It's (almost) over! sharing approaches

Hey all!

I thought I’d start a thread to share ideas and approaches. I believe it’s been very hard to keep quiet for a few of us. :slight_smile:

I just added ideas as I had them and I didnt work much on model selection, because that felt like work. @alfarzan might say I went with a kitchen sink approach.

My model is very similar to the starterpack I shared earlier. Here is the final version repository. Honestly this won’t be complicated as I spent a lot of time thinking but not much time working :). It’s a single model, xgboost, tweedie.

Did you try GAMs ? poisson * gamma? logistic * gamma?

Feature engineering

Here are some feature engineering ideas I liked:

a) create a “town_id” variable by concatenating the population and surface area. Then you can treat it like any other categorical vairable with many possible values, like target encoding or something else.
b) create a “vh_current_Value” variable by depreciating cars 20% every year.
c) I tried to make a “known perfect bonus-malus values” indicator. According to the dictionnary, you started at a precise value and decreased by a specific amount every claim-free year. If you had a claim, your bonus-malus increased by a value that set you off the “perfect track” forever. This would have been useful for new business. In practice, having a claim only increased the bonus-malus value by 1 year, so it didnt work.

I didnt create any variable dependend on the previous years, because (to this day) I still don’t know if we get years 1-5 for “new business” for the final leaderboard or just year 5 data. I assume it’s only year 5, so I didnt want to be to dependent on counts (like increases of the “bonus-malus” variable, or city/car changes)
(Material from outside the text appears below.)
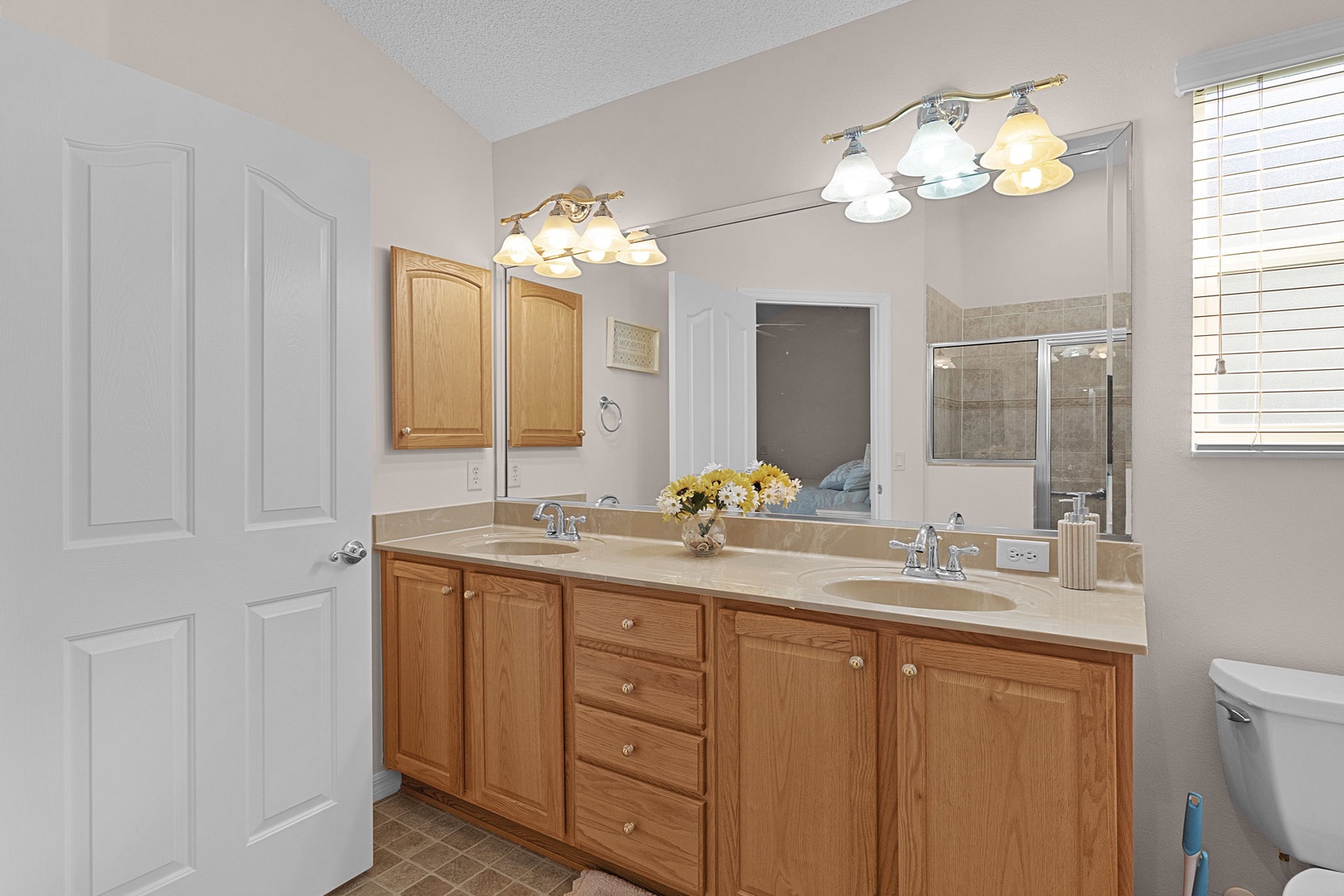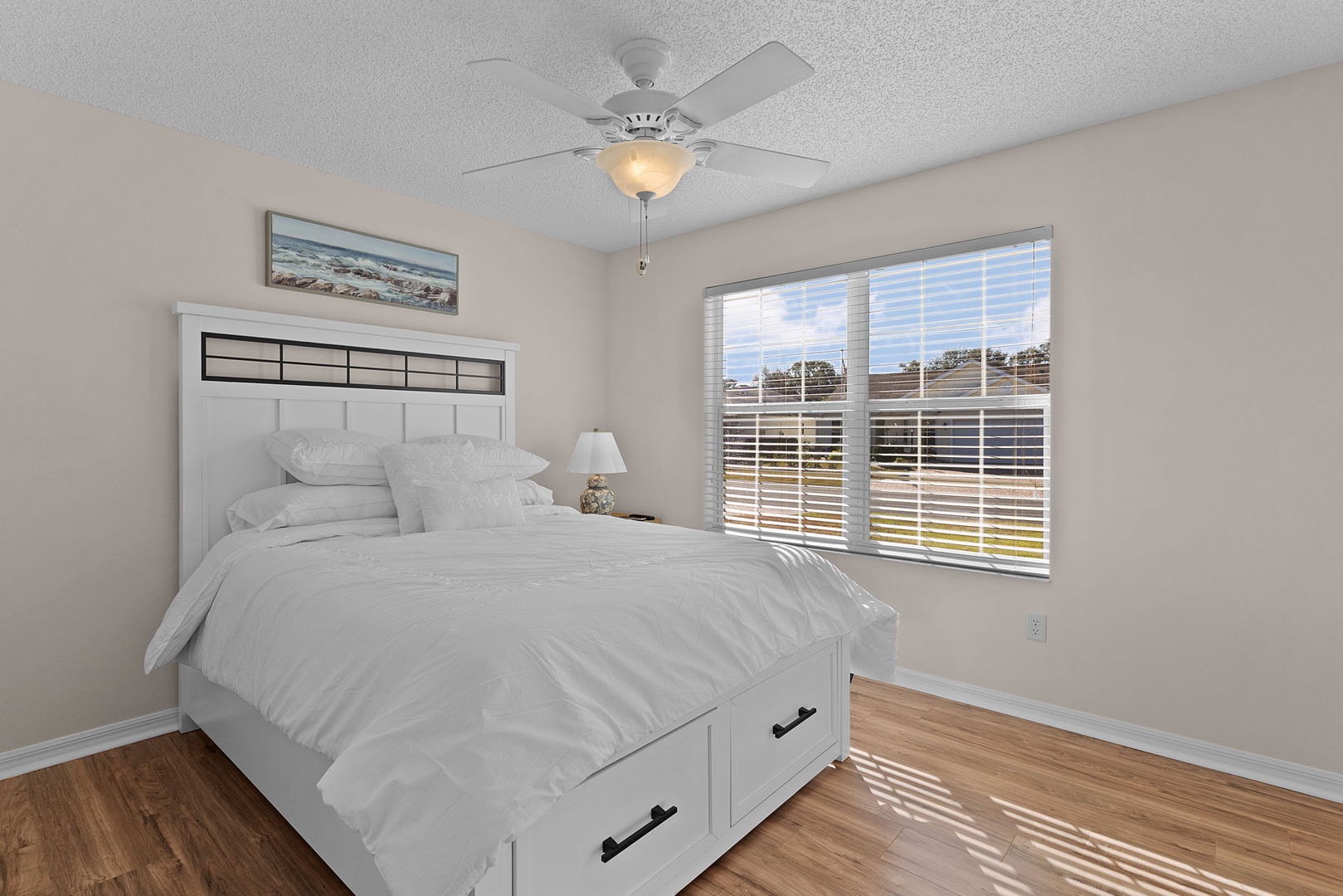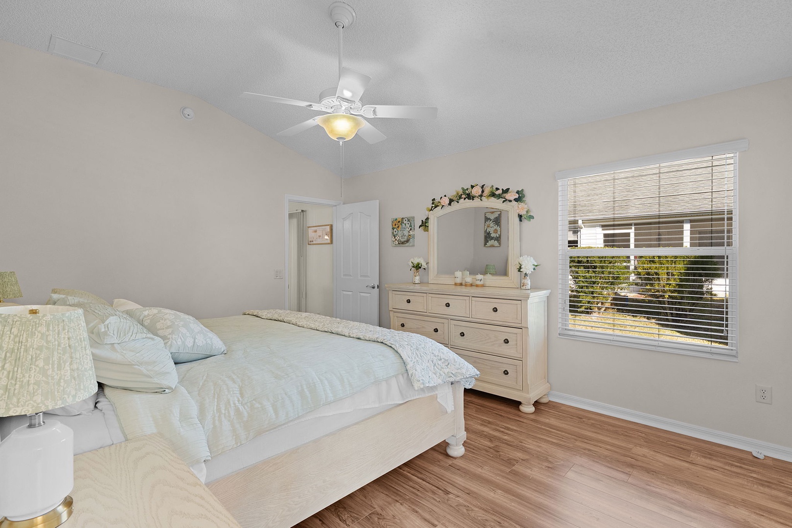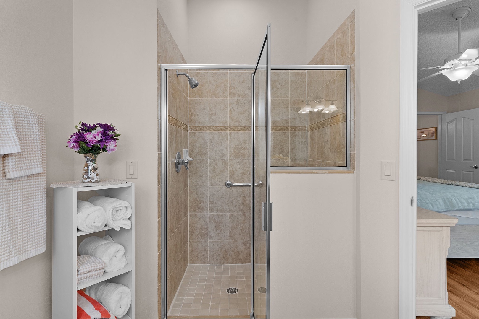 The spacious primary suite includes a king-size bed, walk-in closet, and a private ensuite bathroom with a walk-in shower and dual sinks. The guest bedroom is furnished with a queen-size bed and TV, while the guest bathroom includes a convenient tub/shower combination.

train_my_recipe <- function(.data) {
  my_first_recipe <-
      claim_amount ~ .,
      .data[0, ]
    ) %>%
      light_slow = if_else(vh_weight < 400 & vh_speed < 130, 1, 0, NA_real_),
      light_fast = if_else(vh_weight < 400 & vh_speed > 200, 1, 0, NA_real_),
      town_id = paste(population, 10 * town_surface_area, sep = "_"),
      age_when_licensed = drv_age1 - drv_age_lic1,
      pop_density = population / town_surface_area,
      young_man_drv1 = as.integer((drv_age1 <= 24 & drv_sex1 == "M")),
      fast_young_man_drv1 = as.integer((drv_age1 <= 30 & drv_sex1 == "M" & vh_speed >= 200)),
      young_man_drv2 = as.integer((drv_age2 <= 24 & drv_sex2 == "M")),
      # no_known_claim_values = as.integer(pol_no_claims_discount %in% no_known_claim_values),
      year = if_else(year <= 4, year, 4), # replace year 5 with a 4.
      vh_current_value = vh_value * 0.8^(vh_age - 1), # depreciate 20% per year
      vh_time_left = pmax(20 - vh_age, 0),
      pol_coverage_int = case_when(
        pol_coverage == "Min" ~ 1,
        pol_coverage == "Med1" ~ 2,
        pol_coverage == "Med2" ~ 3,
        pol_coverage == "Max" ~ 4
      pol_pay_freq_int = case_when(
        pol_pay_freq == "Monthly" ~ 1,
        pol_pay_freq == "Quarterly" ~ 2,
        pol_pay_freq == "Biannual" ~ 3,
        pol_pay_freq == "Yearly" ~ 4
    ) %>%
    recipes::step_other(recipes::all_nominal(), threshold = 0.005) %>%
    recipes::step_string2factor(recipes::all_nominal()) %>%
    # 2 way interact
    recipes::step_interact(~ pol_coverage_int:vh_current_value) %>%
    recipes::step_interact(~ pol_coverage_int:vh_time_left) %>%
    recipes::step_interact(~ pol_coverage_int:pol_no_claims_discount) %>%
    recipes::step_interact(~ vh_current_value:vh_time_left) %>%
    recipes::step_interact(~ vh_current_value:pol_no_claims_discount) %>%
    recipes::step_interact(~ vh_time_left:pol_no_claims_discount) %>%
    # 3 way intertac
    recipes::step_interact(~ pol_coverage_int:vh_current_value:vh_age) %>%
    # remove id
    step_rm(contains("id_policy")) %>%
    # recipes::step_novel(all_nominal()) %>%
    recipes::step_dummy(all_nominal(), one_hot = TRUE)
  prepped_first_recipe <- recipes::prep(my_first_recipe, .data, retain = FALSE)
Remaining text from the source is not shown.